There are plenty of other problems besides lack of raw processing power that prevent the mac and macOS from being good gaming platforms. And of course, Epic and Apple are fighting it out over App Store policies, so they're unlikely to do each other any favors.

Did I understand correctly that MacBook Pro and Air will share the same M1 CPU?

Previous models had a massive delta in CPU performance based on using low power (Air, no fan) or medium power (Pro, with dual fans) Intel chips

I think there's still a no fan vs fan distinction so they'll still be able to run the Pro more powerful, but it looks like it. I half suspect the Air was the one they wanted to release and they just didn't want there to be no Pro faster than an Air in the lineup.
Same CPU line, but doesn't mean they will have the same specs. Pro will definitely have its cores run faster/hotter.
Is there any indication at this point that they'll make that clear? It seems kind of strange to buy a computer without really knowing what you're buying.

I guess apple didn't officially say what intel processors they have in their computers, but at least you could look it up and know what you're getting.

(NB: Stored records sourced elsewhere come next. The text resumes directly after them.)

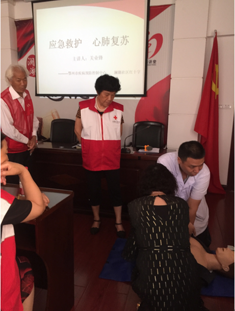 为加强社区居民心肺复苏急救知识教育,提高居民紧急情况自救及互救能力。7月4日上午,市疾控中心依托道德讲堂活动在澜湖社区二楼会议室开展“党员进社区 心肺复苏急救知识讲座”活动。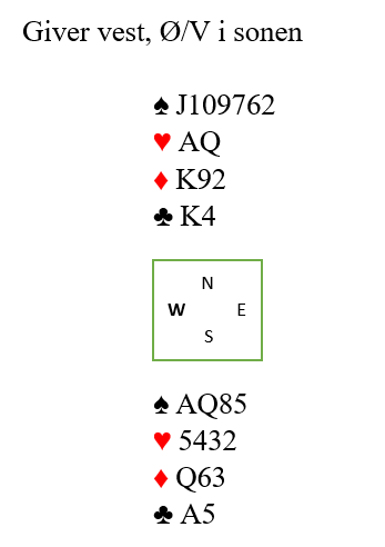 Men om spar konge sitter i saks er jo utgangen bombesikker. Så la oss si du spiller spar knekt i andre stikk og lar den seile. Finessen viser seg å gå bra siden vest følger med liten spar. Da spilles for overstikk som ofte kan være gullkantet i slike spill i parturnering.
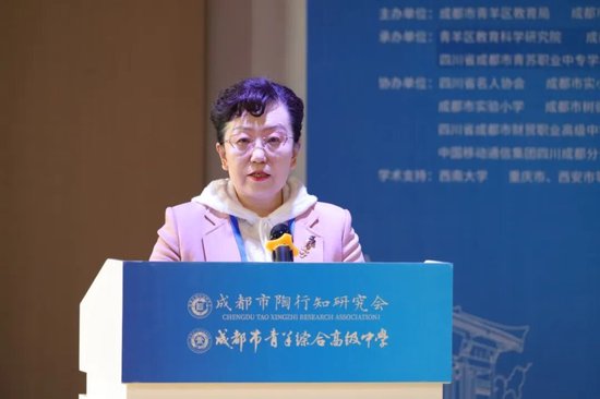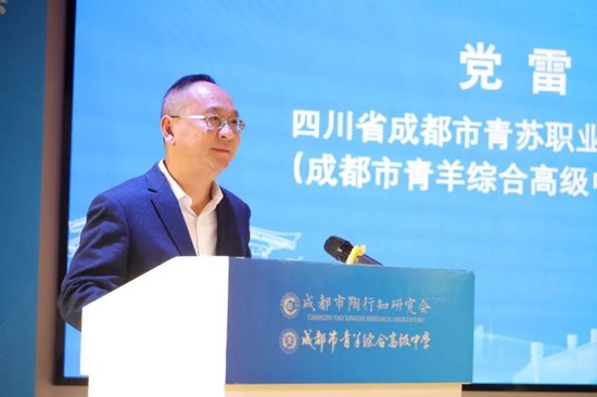 四川省成都市青苏职业中专学校(成都市青羊区综合高级中学)校长党雷致辞 ,学校在探索与进步的过程中,离不开陶行知教育思想的滋养;学校将以此次年会为契机,广交朋友,相互学习,为学生提供多样化的发展选择,搭建更加广阔的成长成才渠道。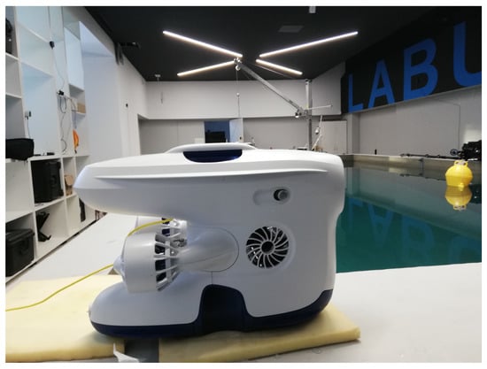Blueye Pro ROV as shown in Figure 17 was acquired from the LABUST during the experiments. The Blueye Pro ROV is produced by Blueye Robotics and has dimensions of 48.5 × 25.7 × 35.4 cm length, width and height, respectively. The ROV weighs 9 kg, it can go down to 300 m depth, and it has a 400 m cable for tethering. It is also equipped with a battery allowing 2 h of autonomy. The ROV can be used in saltwater, brackish, or freshwater. The drone moves with help of the available four thrusters of 350 w.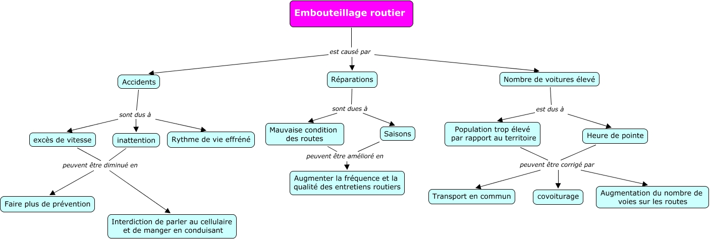 This Concept Map has information related to: p0864955, Accidents sont dus à Rythme de vie effréné, Accidents sont dus à inattention, Population trop élevé par rapport au territoire peuvent être corrigé par Augmentation du nombre de voies sur les routes, Accidents sont dus à excès de vitesse, Embouteillage routier est causé par Réparations, Nombre de voitures élevé est dus à Population trop élevé par rapport au territoire, Mauvaise condition des routes peuvent être amélioré en Augmenter la fréquence et la qualité des entretiens routiers, Embouteillage routier est causé par Nombre de voitures élevé, Population trop élevé par rapport au territoire peuvent être corrigé par Transport en commun, inattention peuvent être diminué en Faire plus de prévention

They have also never shared this info for iPhones/iPads, so no reason to believe they will do it for Macs going forward. But we should be seeing third party benchmarks soon enough.
Yes, but they only replaced the lowest-end 13 inch pro at this point, and are still selling the higher-end Intels. The performance versions will follow next year.
So... will Homebrew work on it?
I see no reason why it shouldn't. Most of homebrew is ruby script (that is architecture-agnostic), most of software installed through homebrew can be recompiled.
With a few hiccups, but it's coming along nicely.
I was thinking about building a new white box media server, but now I'm thinking I should get the mac mini instead.
Also, mb air has no touch bar, but includes fingerprint scanner. I’m sure a lot hackernews will be pleased with that, despite it not being in a machine with the pro moniker.
I was so hoping the Pro might have the same option, but no.
Touch ID has been on the MacBook Air since 2018.